Paris La Défense, May 16, 2024

Elior delivers an outstanding first-half performance

With EBITA up by 144% and a faster pace of deleveraging

Today, Elior Group (Euronext Paris - ISIN: FR 0011950732), a world leader in catering and multiservices, is releasing its unaudited results for the first half of the 2023-2024 fiscal year (six months ended March 31, 2024).
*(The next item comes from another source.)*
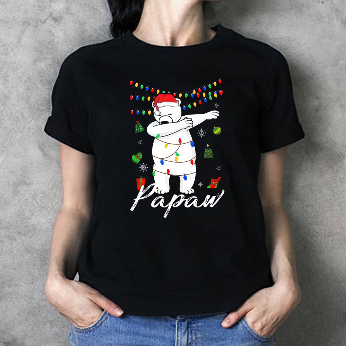 Celebrate the holiday spirit in style with our Papaw Bear Dabbing With Santa Hat And Christmas Lights And Gifts T-Shirt! Perfect for the fun-loving grandparent who enjoys spreading joy during the festive season, this shirt is ideal for casual wear, family gatherings, or themed events. Its unique design showcases a playful bear, bringing a touch of whimsy to your wardrobe while ensuring comfort and breathability throughout the day.
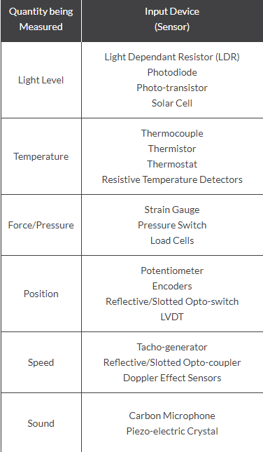 Devices which perform an “Input” function are commonly called Sensors because they “sense” a physical change in some characteristic that changes in response to some excitation, for example, heat or force and convert that into an electrical signal.

  • Initial benefits from our strategy implemented since April 2023
  • A more agile and efficient Group
  • A return to profitability and growth momentum back on track
  • Robust business development, led by strong customer relations and contract performance
  • Costs streamlined
  • Ongoing deleveraging
  • Solid results for the first half of fiscal 2023-2024
  • €3,123 million in consolidated revenue, representing 5.9% organic growth
  • A more-than twofold increase in adjusted EBITA to €100 million from €41 million a year earlier; adjusted EBITA margin up 150 basis points to 3.2%
  • A positive €169 million in free cash flow versus a negative €15 million a year earlier
  • A €137 million reduction in net debt during the period
  • Leverage ratio (net debt/adjusted EBITDA) of 4.1x, i.e., below the 5.25x set for the covenant test

Outlook for full-year2023-2024

  • Organic revenue growth between 4% and 5%
  • Adjusted EBITA margin of at least 2.5%
  • Leverage ratio (net debt/adjusted EBITDA) around 4.0x at September 30, 2024

Commenting on these results, Daniel Derichebourg, Elior Group's Chairman and CEO, said:

"Against a backdrop of market uncertainty, Elior delivered a solid performance in the first half of fiscal 2023-2024. We've returned to operating profitability and have removed sources of losses within several strategic contracts. Our business development was robust and we won and renewed major contracts during the period. We also continued to deleverage the Group. Our revenue and organic growth are trending upwards, both overall and for our businesses individually, as are our EBITDA and profit margin. These are all signs that our recovery is continuing at a good pace, even though there's still some way to go.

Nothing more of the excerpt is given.